The first call, add(0x12345, 0x54321), is translated correctly:
in_asm,cpu trace for add(0x12345, 0x54321)
----------------
IN: _ZN8qemu_bug4main17h238291d36a4a51f6E
0x00408924: e59f0044 ldr r0, [pc, #0x44]
0x00408928: e59f1044 ldr r1, [pc, #0x44]
0x0040892c: e12fff34 blx r4 <-- Call to add(0x12345, 0x54321)
R00=00000000 R01=40830000 R02=00000000 R03=40831000
R04=40830000 R05=40831000 R06=40830000 R07=40831000
R08=000f0002 R09=00000000 R10=004525f8 R11=407ff848
R12=407ff6f8 R13=407ff6f8 R14=00408924 R15=00408924
PSR=00000010 ---- A usr32
----------------
IN:
0x40830000: e0810000 add r0, r1, r0 <-- Code of ADD, as expected
0x40830004: e12fff1e bx lr
R00=00012345 R01=00054321 R02=00000000 R03=40831000
R04=40830000 R05=40831000 R06=40830000 R07=40831000
R08=000f0002 R09=00000000 R10=004525f8 R11=407ff848
R12=407ff6f8 R13=407ff6f8 R14=00408930 R15=40830000
PSR=00000010 ---- A usr32
----------------
However, the second call uses the outdated, cached instructions:
in_asm,cpu trace for sub(0xABCDE, 0xEDCBA)
----------------
IN: _ZN8qemu_bug4main17h238291d36a4a51f6E
0x004089bc: e59f0018 ldr r0, [pc, #0x18]
0x004089c0: e59f1018 ldr r1, [pc, #0x18]
0x004089c4: e12fff36 blx r6 <-- Call to sub(0xABCDE, 0xEDCBA)
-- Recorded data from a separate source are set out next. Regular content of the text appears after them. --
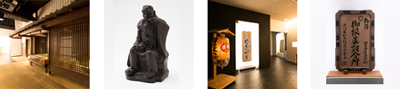 Visitors will see the signboard at the time of founding and the lantern placed under the eaves. In a storefront that reproduces the Tanabeya store in the Meiji period, a video of Tanabe Gohei the 12th introduces the company's roots and the history of Doshomachi.
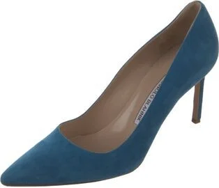 Manolo Blahnik Suede Pumps Blue Semi-Pointed Toes Fit: This style typically runs narrow and a half size small. Read more
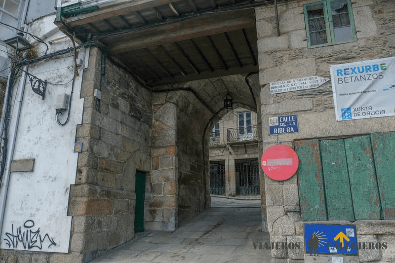 En esta puerta y en las calles adyacentes podrás ver la típica concha en el suelo que marca el paso de los peregrinos por el Camino Inglés, considerada una de las mejores rutas del Camino de Santiago, cuando este pasa por Betanzos.

R00=00000000 R01=40830000 R02=00000000 R03=40831000
R04=40831000 R05=40831004 R06=40830000 R07=00e12fff
R08=0000e081 R09=00e08100 R10=40831000 R11=0000e12f
R12=407ff6f0 R13=407ff6f0 R14=004089bc R15=004089bc
PSR=00000010 ---- A usr32
R00=000abcde R01=000edcba R02=00000000 R03=40831000
R04=40831000 R05=40831004 R06=40830000 R07=00e12fff
R08=0000e081 R09=00e08100 R10=40831000 R11=0000e12f
R12=407ff6f0 R13=407ff6f0 R14=004089c8 R15=40830000
PSR=00000010 ---- A usr32
----------------
* New instructions are not translated; this is the epilogue of main *
IN: _ZN8qemu_bug4main17h238291d36a4a51f6E
0x004089c8: e28dd044 add sp, sp, #0x44
0x004089cc: e8bd8ff0 pop {r4, r5, r6, r7, r8, sb, sl, fp, pc}
R00=00199998 R01=000edcba R02=00000000 R03=40831000 <-- Result in R0 is 0xABCDE + 0xEDCBA
R04=40831000 R05=40831004 R06=40830000 R07=00e12fff
R08=0000e081 R09=00e08100 R10=40831000 R11=0000e12f
R12=407ff6f0 R13=407ff6f0 R14=004089c8 R15=004089c8
PSR=00000010 ---- A usr32
----------------
Indeed, looking at the register dump at the epilogue entry we have R00=00199998 which is the result of add(0xABCDE, 0xEDCBA) and not sub(0xABCDE - 0xEDCBA).